Я возвратился, обвиняя Фатиницу в том, что она меня не любит; кокетка, под стать западным девицам, она играла моей страстью, а теперь, когда эта страсть достигла апогея, испугалась и решила меня оттолкнуть, но было уже поздно: огонь разгорелся в пожар и мог потухнуть, только поглотив все. Целую ночь я провел за безумным письмом, где угрозы перемежались мольбами о прощении и любовными признаниями. Утром, как всегда, прилетела голубка, на шейке у нее висел венок из маргариток — символ печали, который она принесла мне от Фатиницы. Я порвал первое письмо и написал другое:
«Да, Вы грустны и расстроены, ведь Вы слишком молоды и чисты, чтобы Вам нравилось видеть страдания; но, Фатиница, не грустью и тоскою охвачен я, а отчаянием!

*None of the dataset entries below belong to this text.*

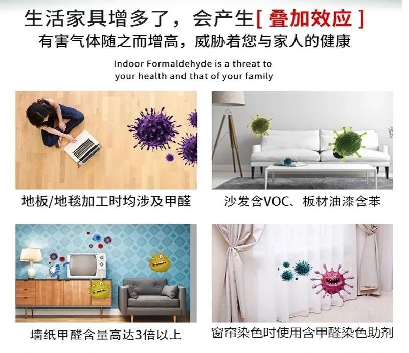 隨著大家健康意識(shí)的提高,人們?nèi)找骊P(guān)注自身的生活環(huán)境,室內(nèi)空氣質(zhì)量成為很多人關(guān)注的熱點(diǎn)。而說起室內(nèi)空氣的污染,人們往往會(huì)聯(lián)想到甲醛。眾所周知,甲醛是一種致癌物,輕則讓人流淚、咽痛各種不適,重則致癌。但就室內(nèi)污染而言,不能只關(guān)注甲醛,而忽略其它污染物的危害。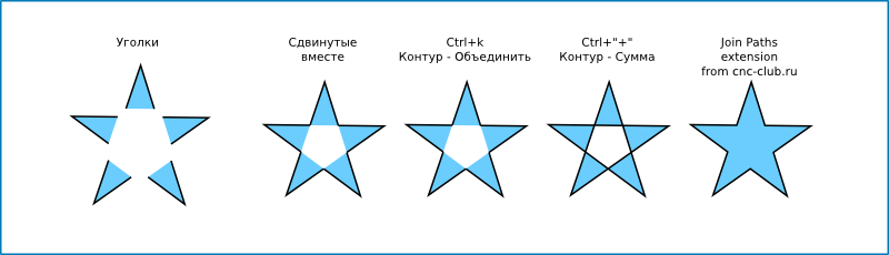 Иногда возникает нужда объединить два контура в один. И Ctrl+K и Сtrl+"+" не всегда хватает. Т.к. эти функции объединяют субконтуры в один контур. А иногда нужно объединить субконтуры в один субконтур. Объясню на примере: если мы нарисуем звезду из уголков и нажмем Ctrl+K или Сtrl+"+" в одном случае получим звезду с заливкой только этих уголков. В другом фигуру из треугольников, т.к. объединиение контуров при помощи Ctrl+"+" сначала делает контуры замкнутыми. А для правильного объединения нам нужно соединить близкие друг к другу узлы.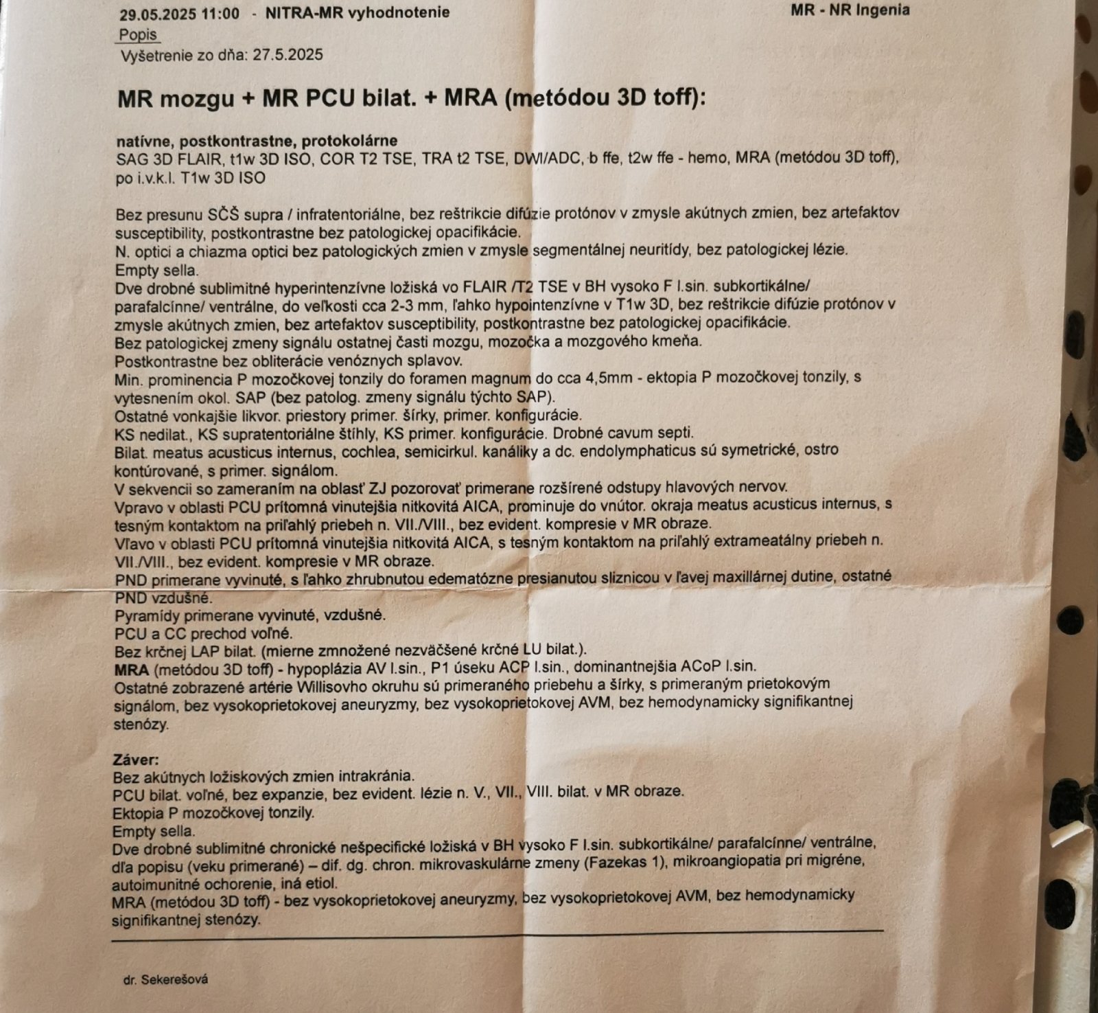 Vyzerá byť všetko v poriadku. Ektopia, znamená, že zmeny sú vrodené, čiže máte ich celý život. Malé lézie sú pravdepodobne spôsobené už vašim vekom (vychádzam zo správy). Za mňa normálny obraz MR staršieho človeka.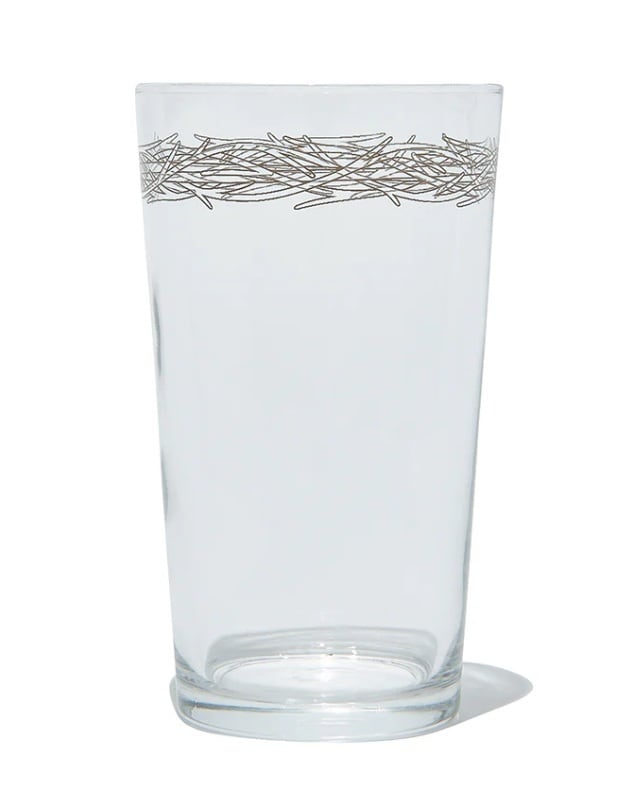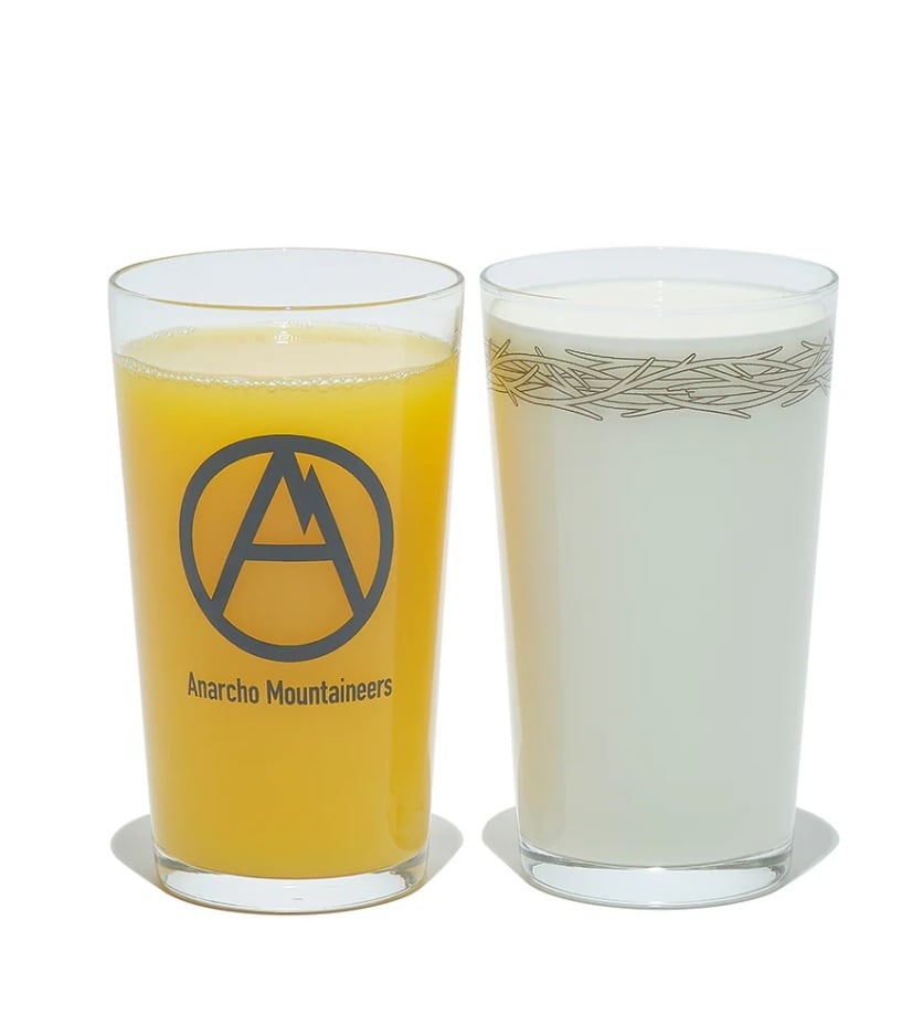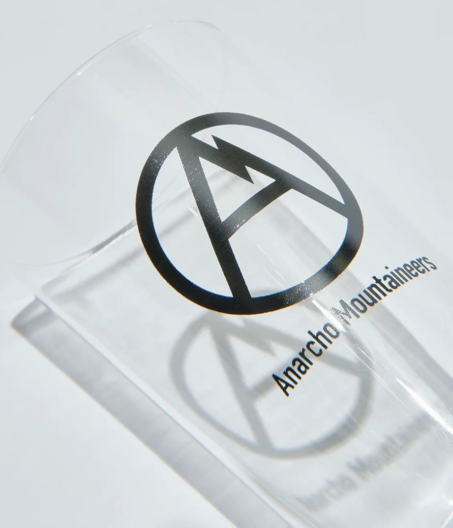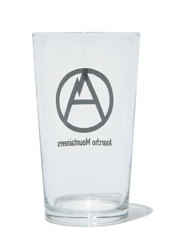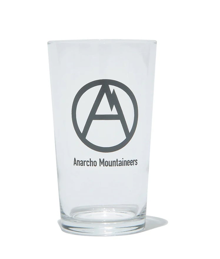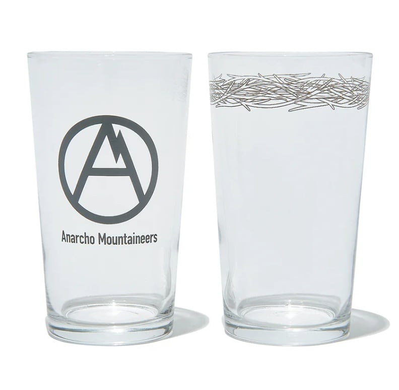 山ではステンレス食器(あるいは樹脂製)のAnarcho Mountaineersも、ご帰宅後や休日の至福の一杯にはプリント入りのグラスをご提案。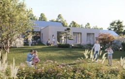 V rámci připravované nové developerské lokality s rodinnými domy byl navržen tento přízemní RD s kombinací šikmé sedlové střechy a ploché střechy s atikou. Hlavní uliční hmota objektu evokuje klasický dobový RD, zatímco část objektu situovaná do zahrady nese prvky moderního/minimalistického stylu. Pro lepší zakomponování do okolní zeleně byl zvolen dřevěný fasádní obklad, který je navržen na fasádách tradiční části RD. Zbytek fasád je tvořen klasickou probarvenou omítkou. Vnitřní dispozice je účelně rozčleněna na denní a klidovou zónu, tak aby se vzájemně nemíchaly a byl tak zvýšen vnitřní komfort obyvatel RD. Hlavní obytný prostor s kuchyní se nachází v části s šikmou střechou a je otevřen do krovu s viditelnými pohledovými prvky, což mu přidává na velkorysosti a vzdušnosti. Propojení všech obytných místností s navazující zahradou je pomocí francouzských oken. RD je dispozičně řešen jako 4+KK. Vedle domu je navrženo umístění zahradního skladu v podobném architektonickém řešení jako RD.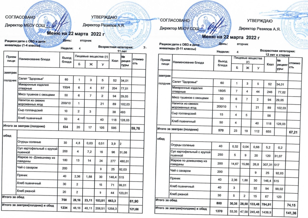 (Меню для детей с ОВЗ и детей-инвалидов, 1-11 классы на 22 марта 2022 года)
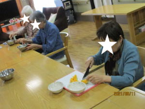 果物を切ったり、混ぜたり、盛り分けたりと、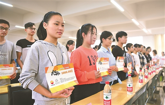 圖為助學項目為考入一本院校的旭航學子發放獎學金。邊蕾攝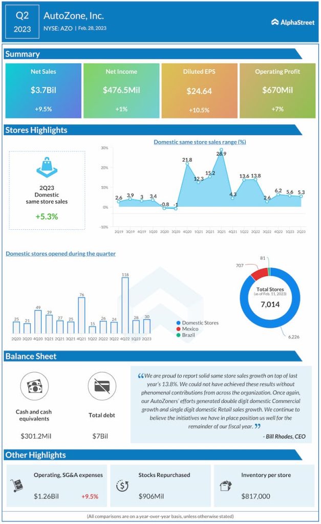 Key highlights from AutoZone (AZO) Q2 2023 earnings results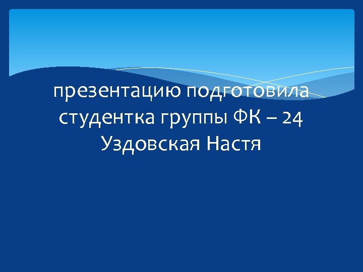 презентацию подготовила студентка группы ФК – 24 Уздовская Настя

Фатиница, я люблю Вас, не скажу так, как может любить мужчина, ибо уверен, мужчина неспособен любить так, как я. Вы живете в моем сердце; Вы для меня то же,что солнце для бедных Цветов, присланных Вами: вдали от светила они вянут и гибнут. Прикажите же мне погибнуть, Фатиница! О Боже мой! Это нетрудно, но не говорите мне, что я Вас больше не увижу. Сам Всемогущий Господь не воспрепятствует мне в этом, разве лишь поразит меня в этот самый миг.
Сегодня вечером я приду к углу стены, где напрасно вчера прождал Вас до часу ночи. Во имя Неба, Фатиница, не вынуждайте меня страдать и сегодня, как я страдал вчера; силы мои на исходе, сердце разрывается!
О у я узнаю у любите ли Вы меня!»
Сняв с голубиной шейки венок из маргариток, я привязал ей под крыло мое письмо. День показался мне длиной в вечность, не было желания никуда выходить. Я бросился на диван и притворился больным, в чем не составило труда уверить пришедших проведать меня Константина и Фортунато; меня лихорадило, голова горела.
Они хотели пригласить меня поехать вместе на Андрос, куда их призывали дела; я не стал уточнять, какие, но легко догадался, что речь шла о политике, и не ошибся: там созывалось совещание двадцати членов гетерии, к которой принадлежали Константин и Фортунато. Едва они вышли, как я приподнял ставни и насыпал на подоконник пшеничные зерна и крошки хлеба; через четверть часа прилетела голубка и унесла мое второе письмо:
«Сегодня вечером нечего опасаться, моя Фатиница; напротив, всю ночь я смогу провести у твоих ног: твой отец с братом уезжают на Андрос и вернутся лишь завтра. О моя Фатиница, положись на мою честь, как я полагаюсь на твою любовь».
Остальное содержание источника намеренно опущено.